Biosimilars, or follow-on biologics, are drugs deemed to be similar to an originator biologic therapy. Biologic drugs are made in living organisms or their products, as opposed to traditional pharmaceutical drugs, which are made through chemical processes.
The China State Food and Drug Administration (SFDA) will release a new Drug Registration Regulation after the 18th National Congress of the Communist Party, which took place in Beijing on November 8-14, 2012.
Details of the biosimilars guidelines are currently undergoing investigation but will be finalized after the new drug registration regulation release, said Haifeng Hu, vice president, Shanghai Institute of Pharmaceutical Industry.
China's healthcare reform and critical illness insurance program, issued this year, will call for a growing demand for biologics, especially for oncology drugs. Monoclonal antibodies (mAbs) are expected to be at the forefront, said Jianhoung Tao, vice president, Southern Medicine Economic Research Institute (SMEI) of SFDA.
Domestic biosimilars have been on the market in China for 20 years, according to SMEI data. The country has approved 382 genetically engineered drugs and genetically engineered vaccines, but only 21 products are innovative and the rest are biosimilars, according to SMEI data.
Biologics and biosimilars account for 10% of the total pharmaceuticals market in China, but their recent annual growth rate has reached 32.2%, according to Deloitte data.
Medical Device
There is a huge demand to upgrade the medical devices in Chinese hospitals according to Health News, an affiliate newspaper of the Health Ministry. About 60% of all medical devices were installed before the mid-1980s, and 15% in the 1970s. This was reaffirmed at the China Med 2013 press conference.
China is expected to be the world's second largest market for medical devices, overtaking Japan in five to seven years, and be 25% of the world market by 2050, according to PharmaLive, a market research firm.
China's SFDA has reclassified 73 devices into other risk categories and removed three devices from the classification system. Products reclassified as Class III include inhaled nitrous oxide delivery systems, ultrasonic bone surgery devices, cell sorters, and spine probes. Devices no longer classified include automatic blood bag labeling machines and gauze counting detection systems.

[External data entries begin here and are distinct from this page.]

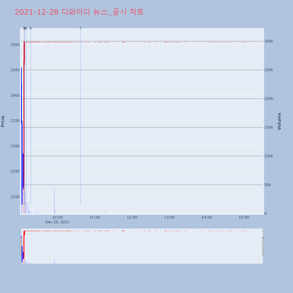 | 6 | [특징주] 디와이디, 매매거래 정지 해제 첫날 '상한가' 제목 : [특징주] 디와이디, 매매거래 정지 해제 첫날 | 인포스탁 | 디와이디 | 2021-12-28 09:17:09 |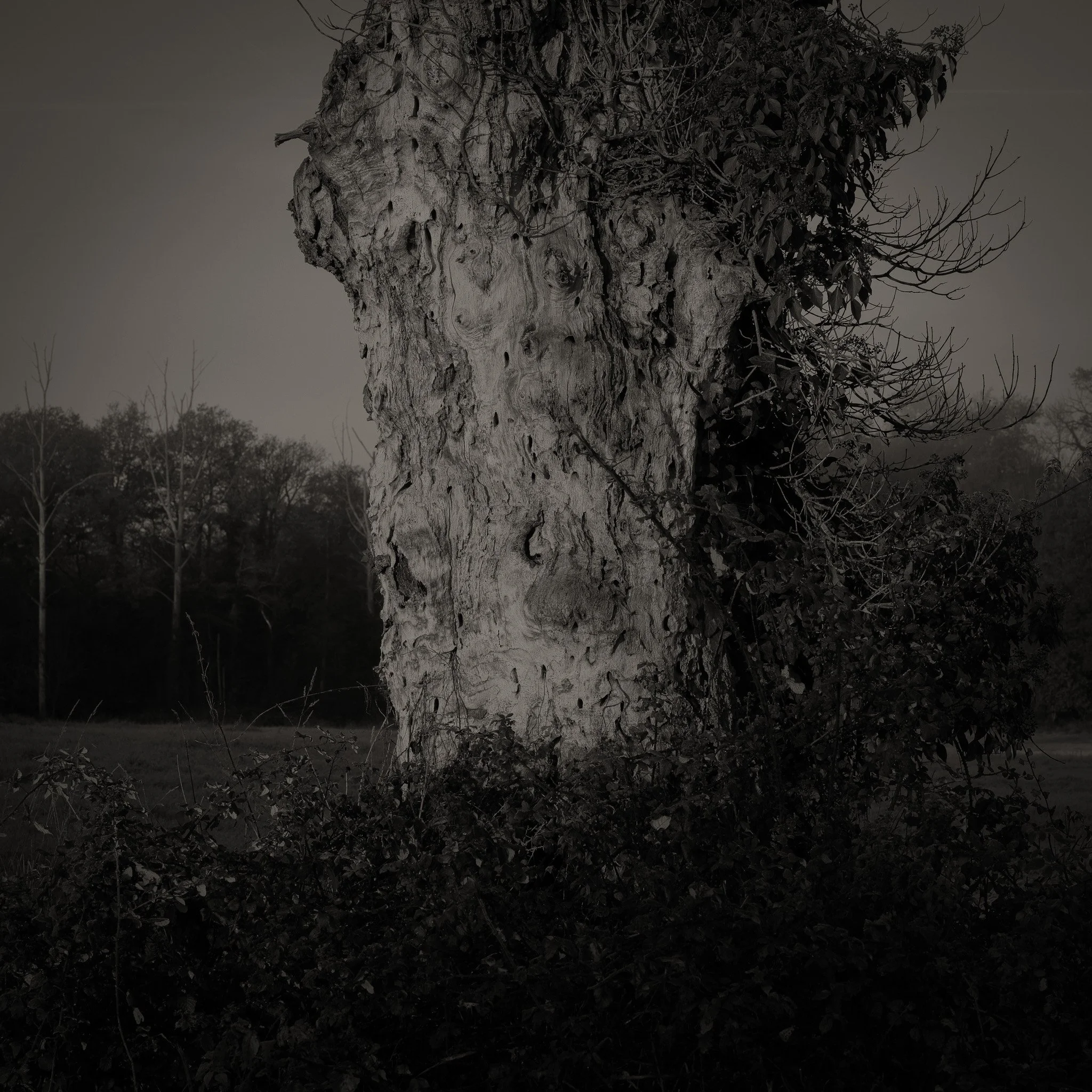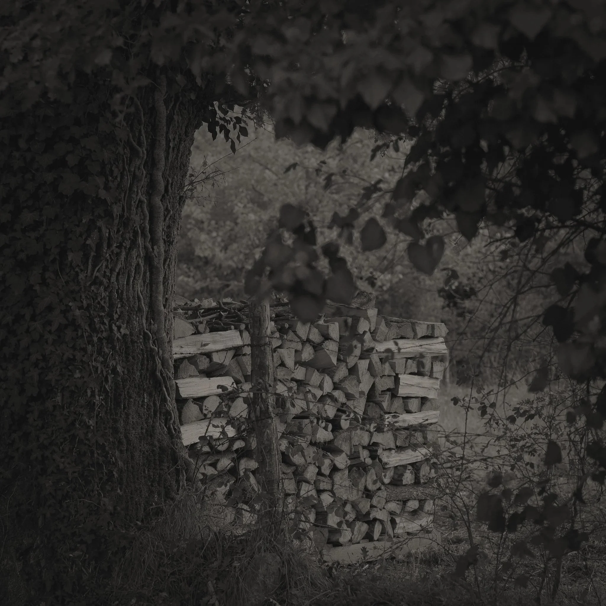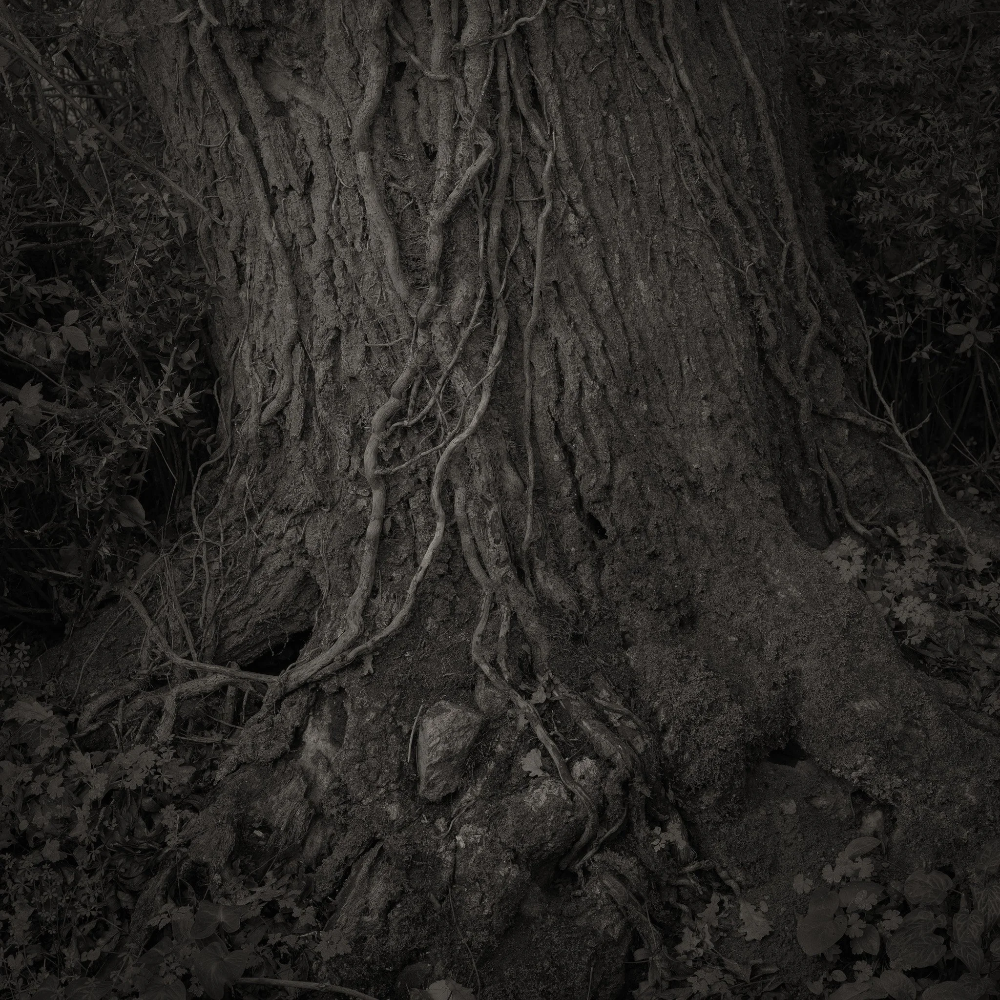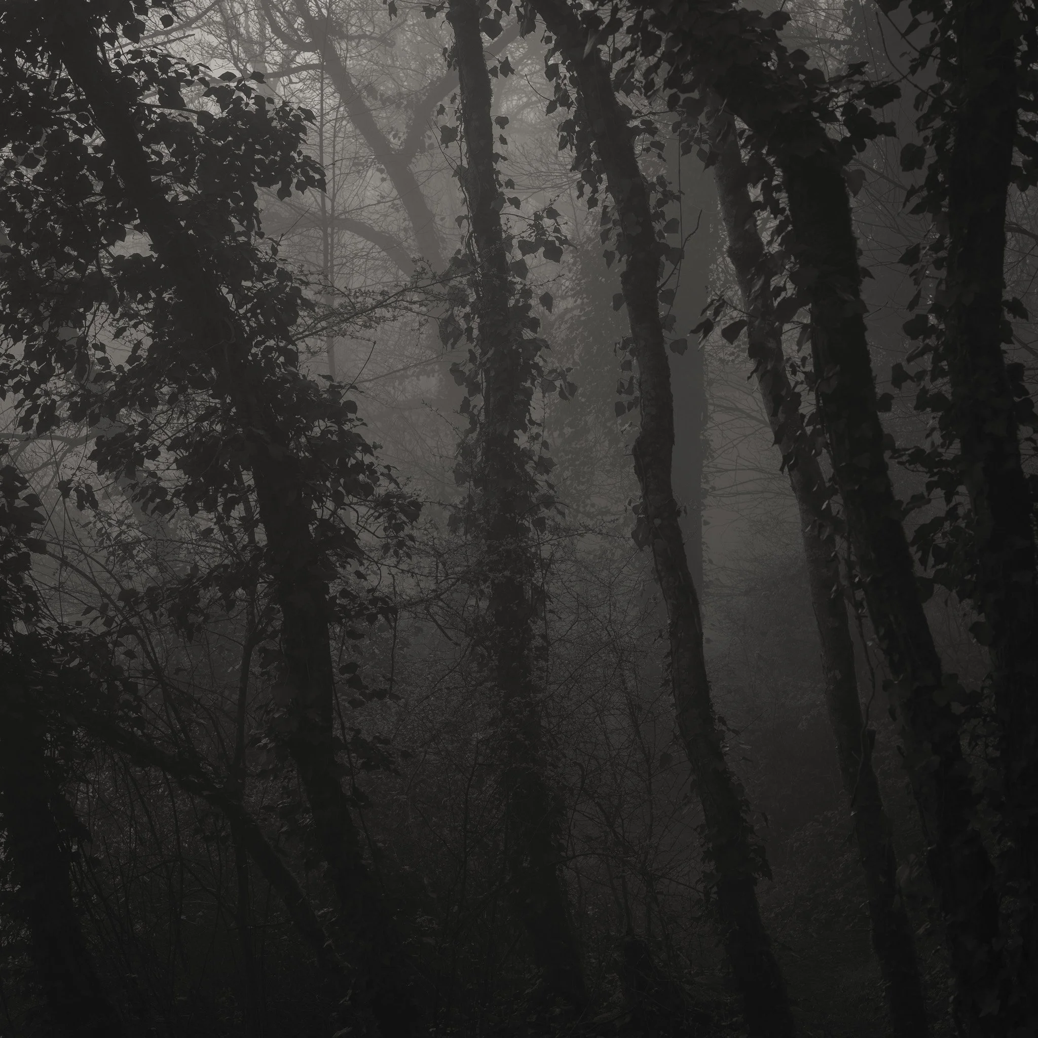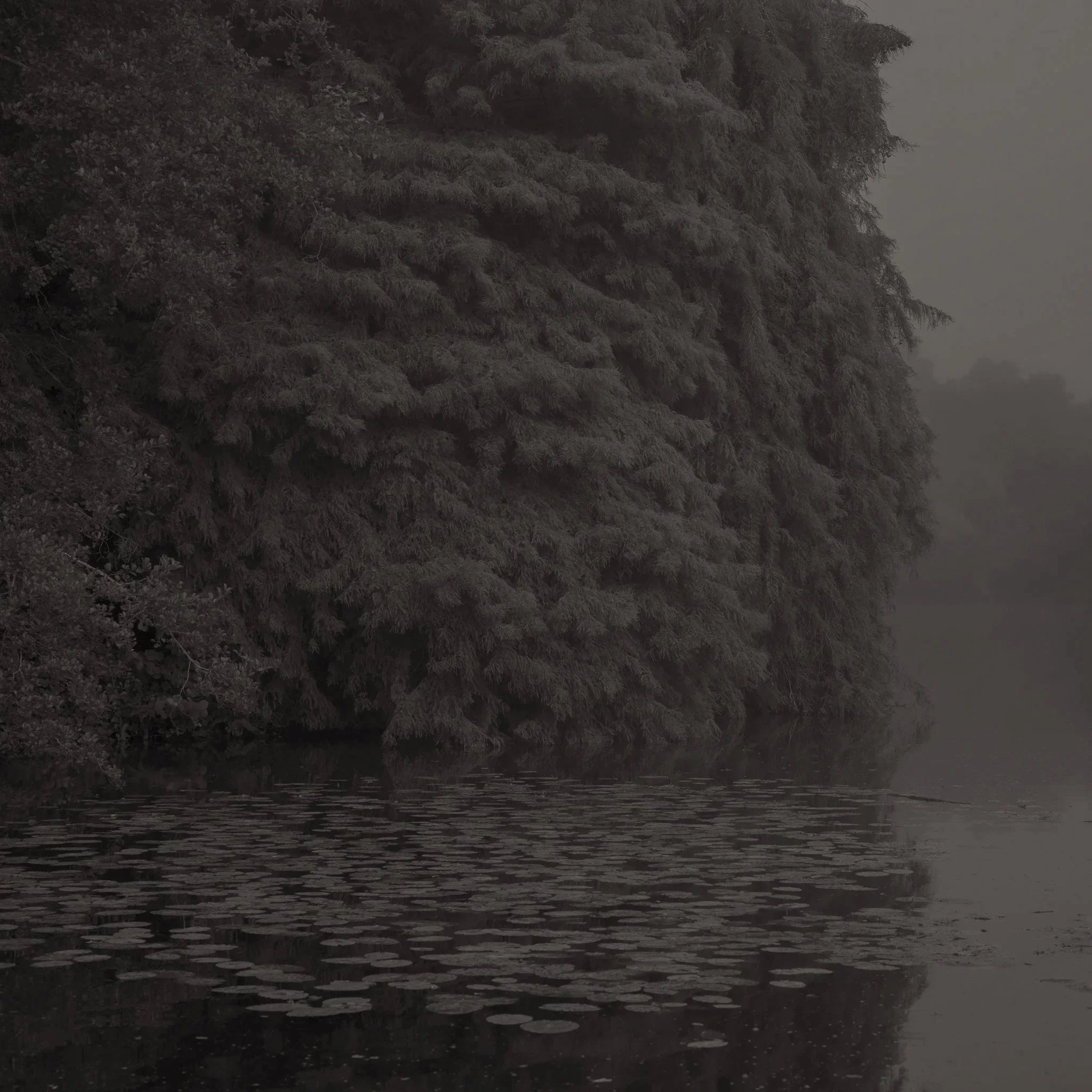 Le projet Green River est né d’une forme de sidération sauvage lorsqu’un véritable mur végétal s’est dressé devant moi un jour en déployant ses milliers de nuances du vert. Les branches des arbres centenaires s’emmêlaient aux ronces de plusieurs mètres qui interdisaient par moment le passage sur le chemin qui longeait la rivière. La Grande Maine se frayait la voie au milieu de cette forêt dense qui abritait de nombreuses espèces d’oiseaux et de mammifères sauvages. Elle offrait les ressources à tout le vivant qui campait sur ses deux rives. En explorant chaque jour ses méandres, elle est devenue également pour moi une ressource naturelle qui nourrit mon imagination. Des matinées brumeuses aux nuits de pleine lune quand sa lumière argentée se reflète dans ses eaux, de l’été sec, quand son niveau baisse mettant à nu les racines des arbres qui s’abreuvent dans son lit, à l’automne, quand sous la pluie abondante la mousse recouvre d’un vert profond les roches apparentes qui bordent son cours, la rivière m’offre au fil des jours cette substance perceptible, quasi monochrome à laquelle ma photographie tente d’apporter une nouvelle matérialité.
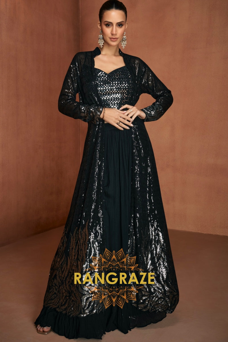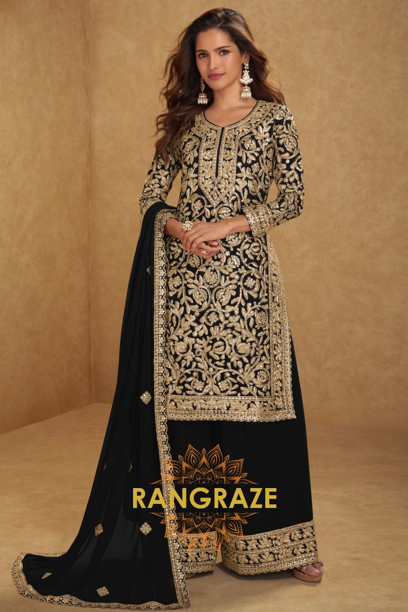 Black Premium Georgette Designer Suit Set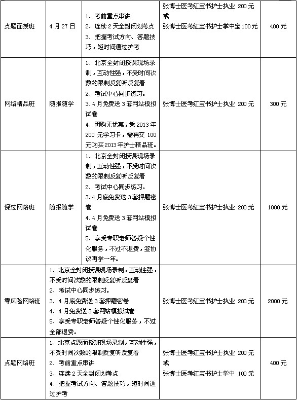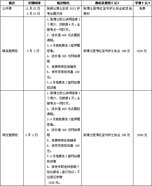 下面是2013年北京张博士医考护士培训各班次介绍,同学们可以根据自己的实际情况和需要选择。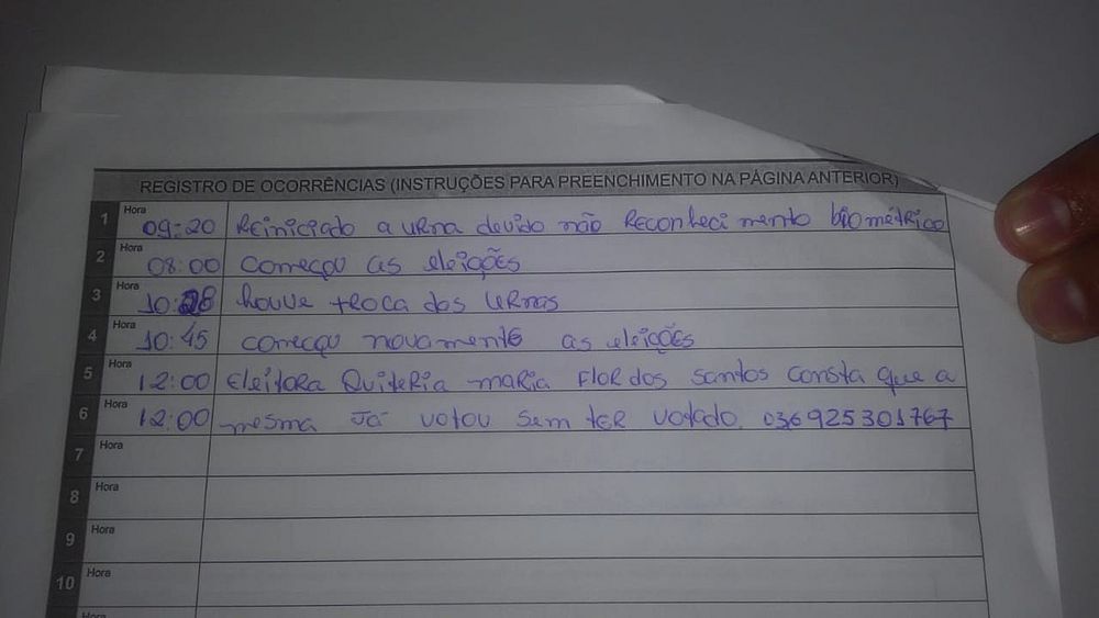 Uma imagem do relatório de ocorrências da seção de Maria Quitéria mostra que antes do início da votação, a urna da seção de Quitéria foi reiniciada por não reconhecer biometria e, uma hora e meia antes de Quitéria entrar na seção, ela foi trocada. Confira abaixo: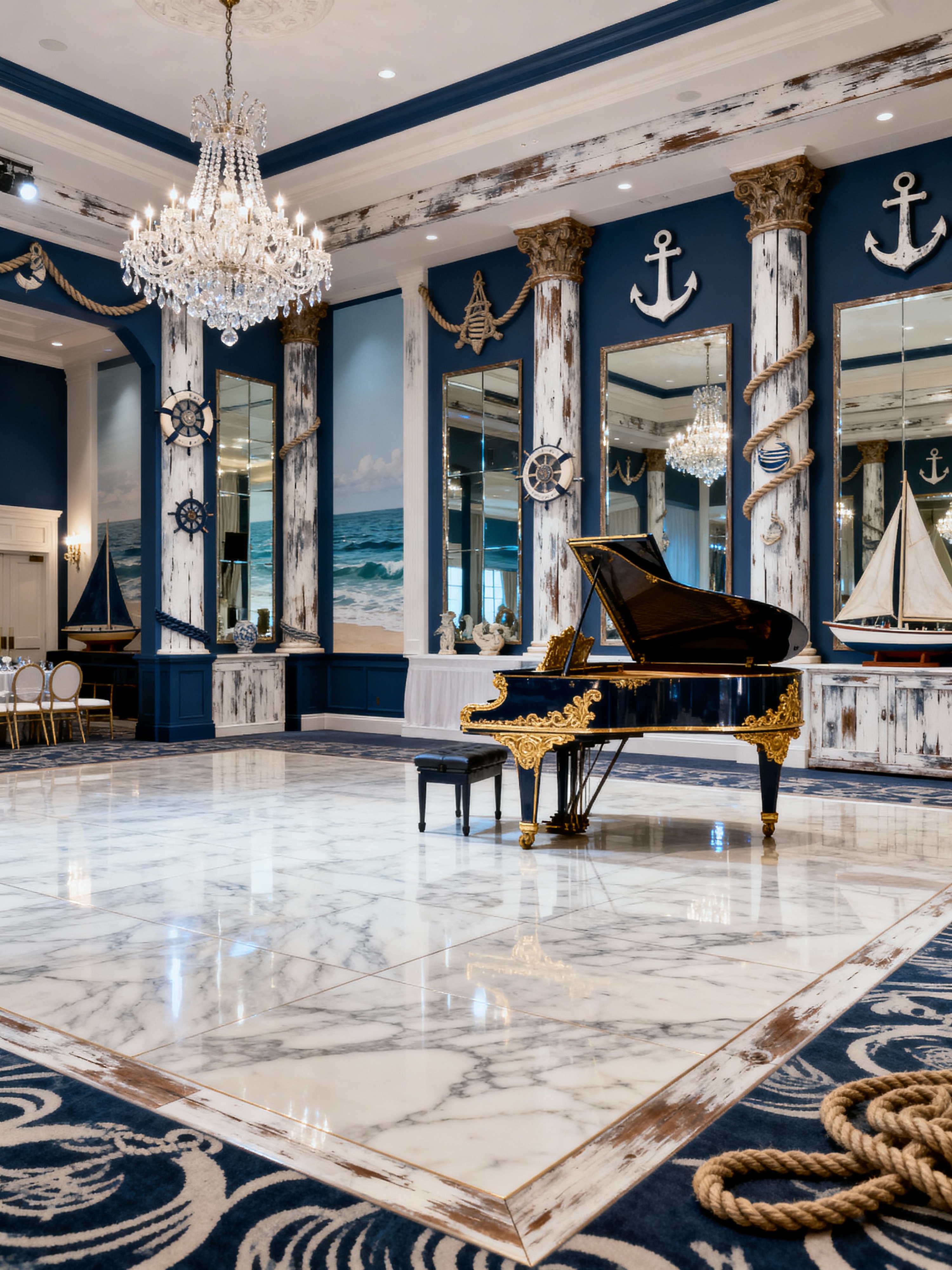 ballroom with nautical style with dance floor and marble floors and grand piano and gilded decor and crystal fixtures and chandeliers and ornate columns and mirrors. . with navy blue and rope details and ocean inspiration and sailboat elements and coastal vibes and maritime decor and anchor motifs and weathered wood

The SFDA also released new guidelines on how foreign medical device manufacturers label and package their products, according to China-briefing.com. Companies have until April 1, 2013 to comply.
According to SFDA's guidelines entitled "Circular on Standardizing the Labels and Packaging Marks of Foreign Medical Devices," there are three main points to the guidelines:
1) Product labeling must be in Chinese (though other languages can be added). Product labeling must be attached to any and all devices, otherwise it will be prohibited from being sold or used.
2) Foreign medical device companies must develop quality control practices that comply with Chinese regulations. All documentation must ensure the safety and effectiveness of the medical device sold.
3) "The terms and technical expressions in this Circular shall have the same meaning as those provided in the "Regulations and Administrative Measures on the Registration of Medical Devices (SFDA Order No.16).'"
The Beijing Drug Administration has signed a memorandum of agreement with device maker Zimmer, thus enabling company officials to train agency staff at its Montagne subsidiary there. The training sessions will focus on strengthening the production and inspection expertise of state regulators at local device companies, to ensure the quality and safety of orthopedic devices. Zimmer employees will also receive training on Chinese laws and regulations related to the manufacture and sale of devices.